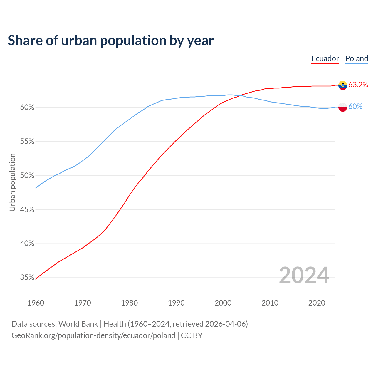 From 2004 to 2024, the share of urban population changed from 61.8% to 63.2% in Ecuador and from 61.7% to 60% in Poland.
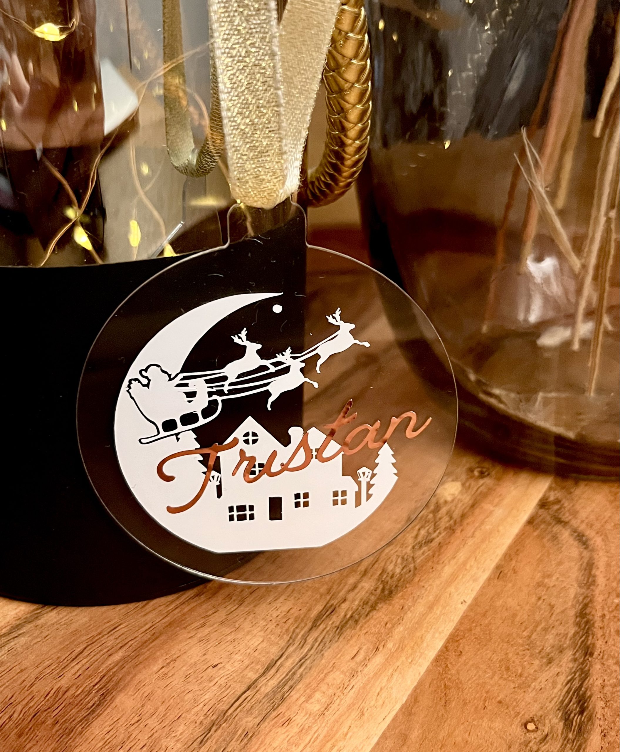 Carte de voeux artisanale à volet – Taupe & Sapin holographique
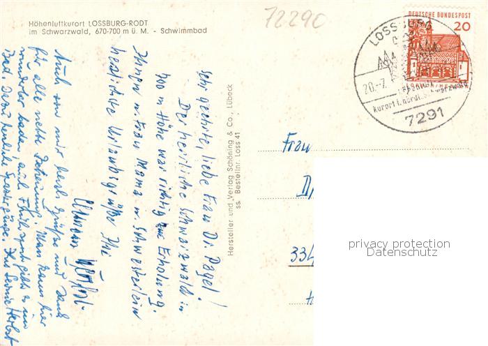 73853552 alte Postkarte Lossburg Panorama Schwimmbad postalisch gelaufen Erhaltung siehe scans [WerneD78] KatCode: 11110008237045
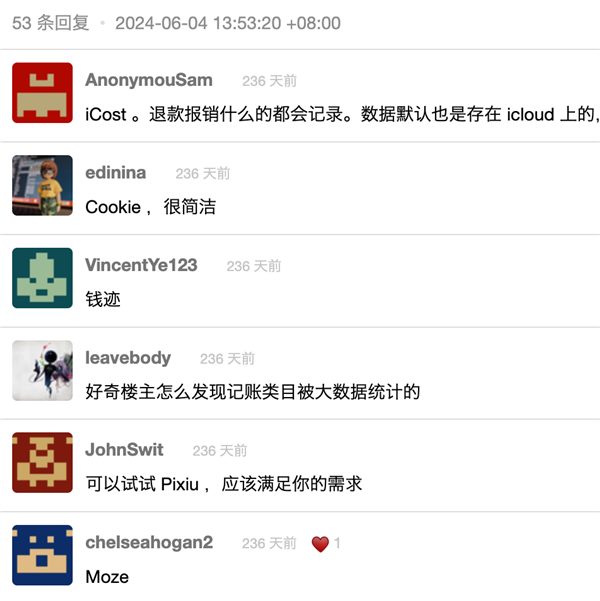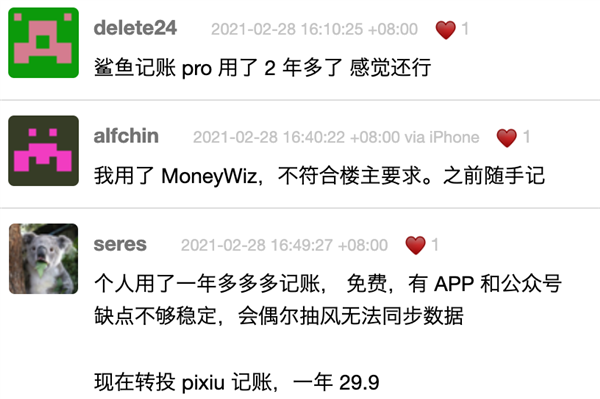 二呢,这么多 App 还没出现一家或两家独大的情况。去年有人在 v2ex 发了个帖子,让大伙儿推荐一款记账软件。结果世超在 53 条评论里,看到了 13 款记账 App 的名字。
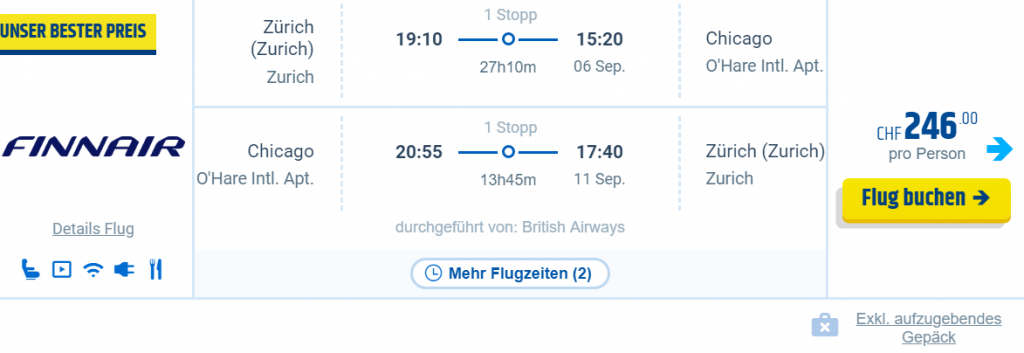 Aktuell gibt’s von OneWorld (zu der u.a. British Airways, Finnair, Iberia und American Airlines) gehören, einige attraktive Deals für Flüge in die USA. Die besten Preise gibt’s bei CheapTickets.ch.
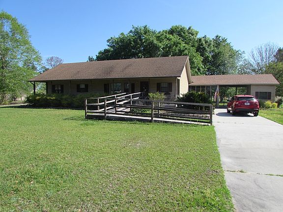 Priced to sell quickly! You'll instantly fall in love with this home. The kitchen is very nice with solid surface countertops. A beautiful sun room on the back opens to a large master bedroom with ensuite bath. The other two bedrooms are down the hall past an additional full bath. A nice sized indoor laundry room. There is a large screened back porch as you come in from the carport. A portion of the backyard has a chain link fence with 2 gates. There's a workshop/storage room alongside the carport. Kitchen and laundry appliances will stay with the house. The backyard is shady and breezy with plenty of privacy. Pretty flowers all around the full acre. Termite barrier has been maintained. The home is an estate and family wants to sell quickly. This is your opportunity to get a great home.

--- --- ---

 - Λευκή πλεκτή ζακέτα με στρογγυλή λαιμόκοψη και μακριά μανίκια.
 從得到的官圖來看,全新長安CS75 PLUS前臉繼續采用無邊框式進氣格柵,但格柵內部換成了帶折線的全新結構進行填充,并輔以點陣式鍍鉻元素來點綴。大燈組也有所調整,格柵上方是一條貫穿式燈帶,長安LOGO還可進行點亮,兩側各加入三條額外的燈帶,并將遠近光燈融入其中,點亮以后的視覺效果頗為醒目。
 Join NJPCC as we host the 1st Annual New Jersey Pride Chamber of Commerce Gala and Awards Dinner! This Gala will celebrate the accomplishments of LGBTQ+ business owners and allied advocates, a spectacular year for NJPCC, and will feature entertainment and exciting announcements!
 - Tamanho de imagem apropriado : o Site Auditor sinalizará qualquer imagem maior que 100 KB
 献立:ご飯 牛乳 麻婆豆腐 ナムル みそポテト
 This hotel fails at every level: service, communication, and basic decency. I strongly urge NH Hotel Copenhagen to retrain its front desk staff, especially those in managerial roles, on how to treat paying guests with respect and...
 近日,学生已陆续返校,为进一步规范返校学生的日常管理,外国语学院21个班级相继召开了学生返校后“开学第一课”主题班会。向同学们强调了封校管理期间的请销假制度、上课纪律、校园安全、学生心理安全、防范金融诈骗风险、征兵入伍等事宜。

--- --- ---

▶ [Assigned task]
Write out exactly the lines above from the line with "Join NJPCC as" through the line with "近日,学生已陆续返校,为进一", both of them included, and leave out all other lines.

▶ [Exercise solution]
 Join NJPCC as we host the 1st Annual New Jersey Pride Chamber of Commerce Gala and Awards Dinner! This Gala will celebrate the accomplishments of LGBTQ+ business owners and allied advocates, a spectacular year for NJPCC, and will feature entertainment and exciting announcements!
 - Tamanho de imagem apropriado : o Site Auditor sinalizará qualquer imagem maior que 100 KB
 献立:ご飯 牛乳 麻婆豆腐 ナムル みそポテト
 This hotel fails at every level: service, communication, and basic decency. I strongly urge NH Hotel Copenhagen to retrain its front desk staff, especially those in managerial roles, on how to treat paying guests with respect and...
 近日,学生已陆续返校,为进一步规范返校学生的日常管理,外国语学院21个班级相继召开了学生返校后“开学第一课”主题班会。向同学们强调了封校管理期间的请销假制度、上课纪律、校园安全、学生心理安全、防范金融诈骗风险、征兵入伍等事宜。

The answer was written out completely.